*** Opening Data excerpt ***
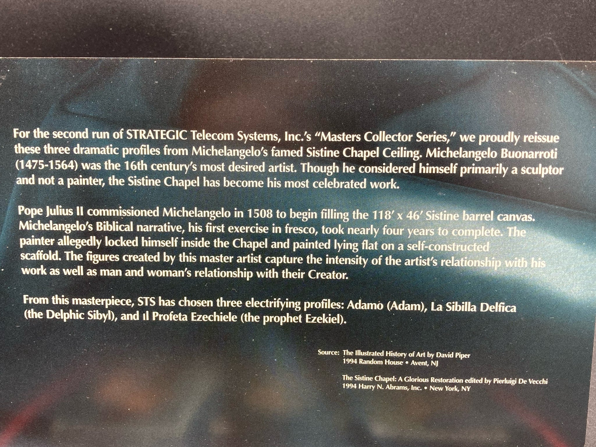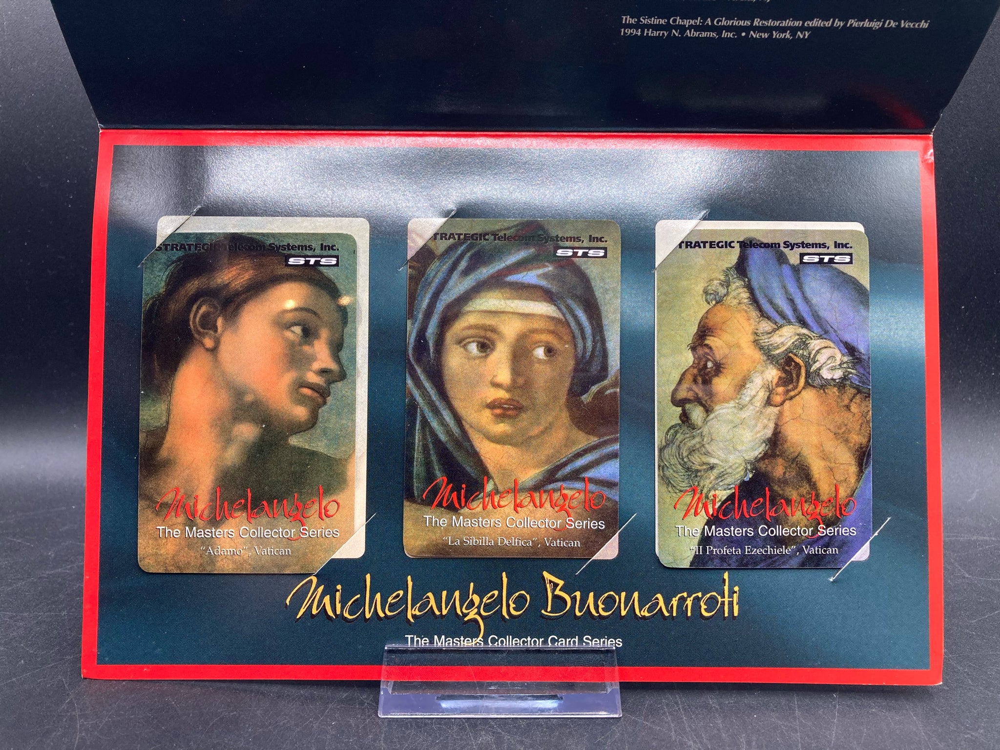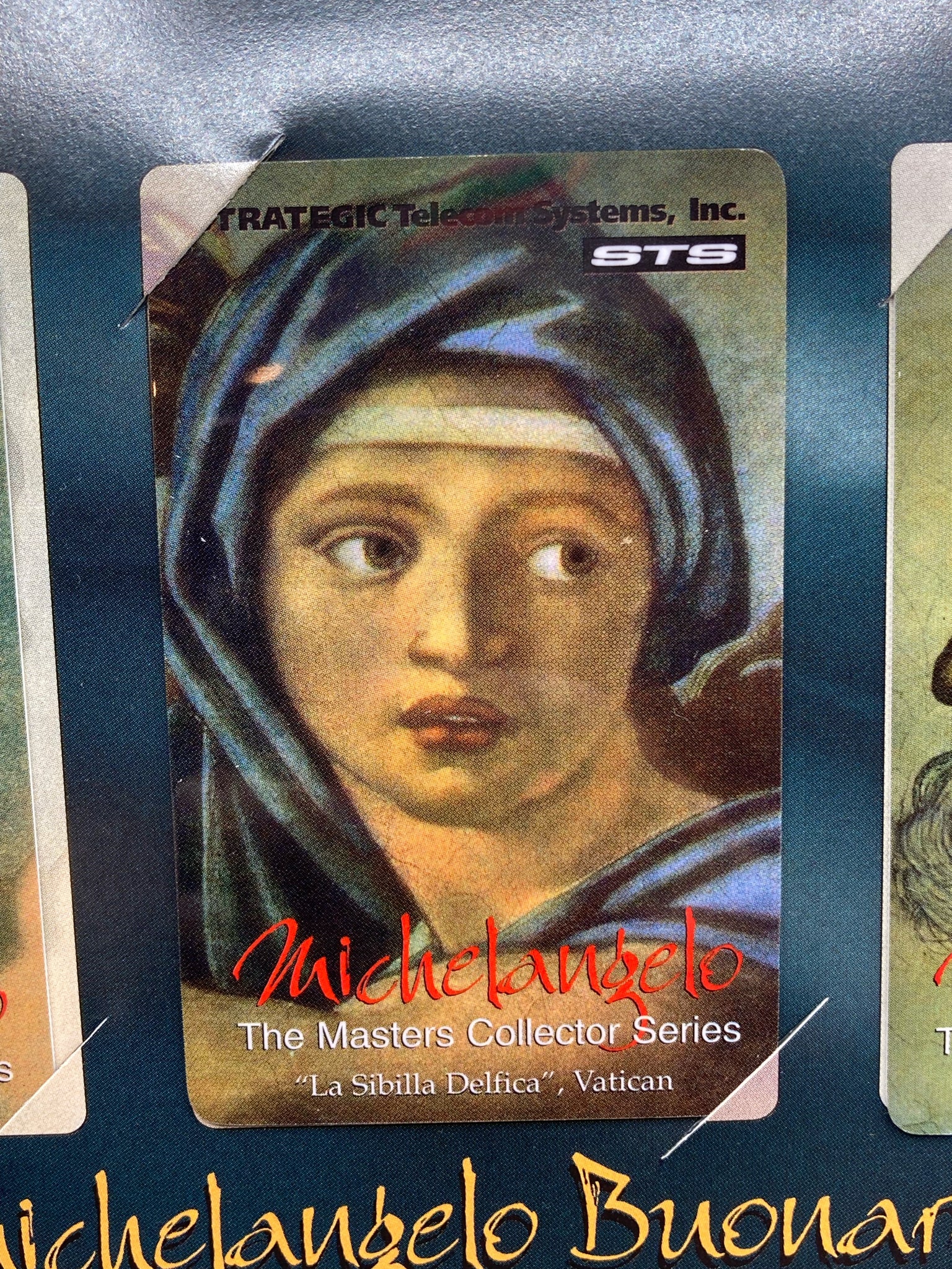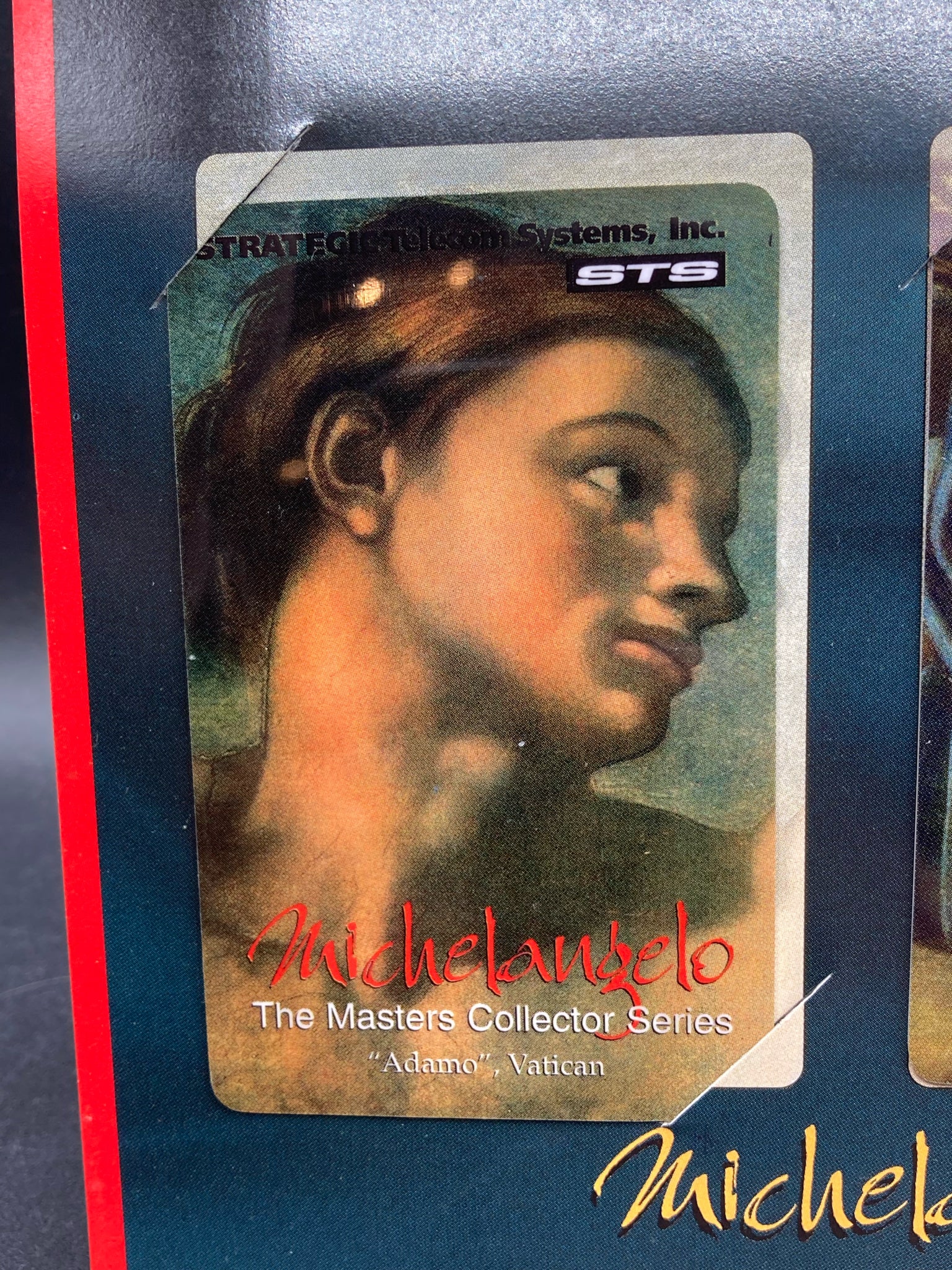 Strategic Telecom Systems the masters collector series Michelangelo phone card set with folder. Set of three calling cards with art and imagery inspired by the legendary artist Michelangelo. Set is in excellent condition. Rare find.
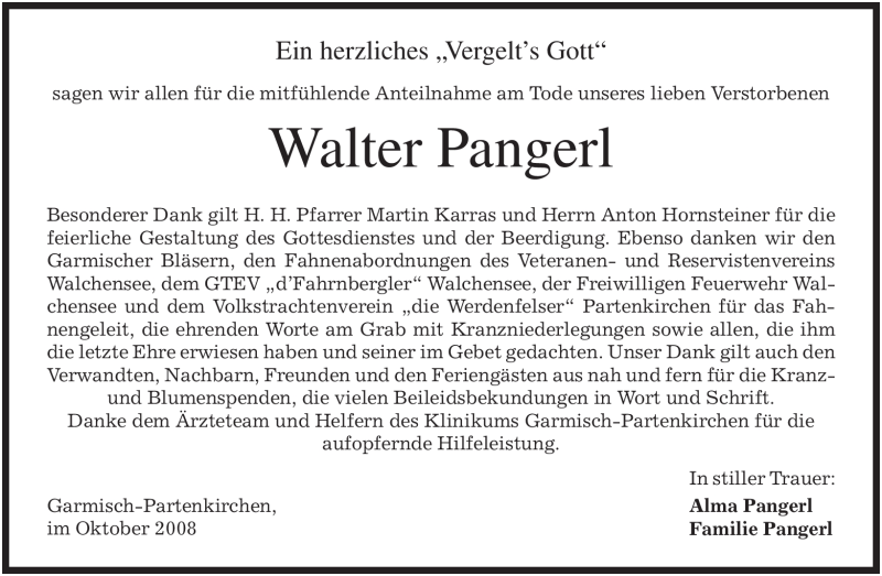 Hier finden Sie alle Traueranzeigen aus der Zeitung, die bisher für Walter Pangerl erschienen sind. Weitere Traueranzeigen, die in der Zeitung erscheinen, werden hier ebenfalls aufgelistet
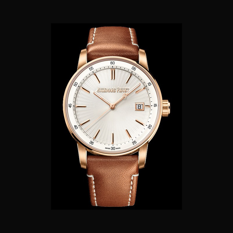 | More characteristics : | Movement Selfwinding Calibre 5900 Total diameter 26.2 mm (11½ lignes) Total thickness 3,9 mm Number of parts 188 Number of jewels 29 Minimum guaranteed power reserve 60 h Frequency of balance wheel 4 Hz (28,800 vibrations/hour) Case 18-carat pink gold case Dial Silver dial with signature Code 11.59 by Audemars Piguet motif Strap / Buckles Brown calfskin leather strap with 18-carat pink gold pin-buckle |
*** Closing Data excerpt ***
#### Task goal:
Give the complete material again, exactly as written. Do not include the pictures.

#### Written solution:
 Strategic Telecom Systems the masters collector series Michelangelo phone card set with folder. Set of three calling cards with art and imagery inspired by the legendary artist Michelangelo. Set is in excellent condition. Rare find.
 Hier finden Sie alle Traueranzeigen aus der Zeitung, die bisher für Walter Pangerl erschienen sind. Weitere Traueranzeigen, die in der Zeitung erscheinen, werden hier ebenfalls aufgelistet
 | More characteristics : | Movement Selfwinding Calibre 5900 Total diameter 26.2 mm (11½ lignes) Total thickness 3,9 mm Number of parts 188 Number of jewels 29 Minimum guaranteed power reserve 60 h Frequency of balance wheel 4 Hz (28,800 vibrations/hour) Case 18-carat pink gold case Dial Silver dial with signature Code 11.59 by Audemars Piguet motif Strap / Buckles Brown calfskin leather strap with 18-carat pink gold pin-buckle |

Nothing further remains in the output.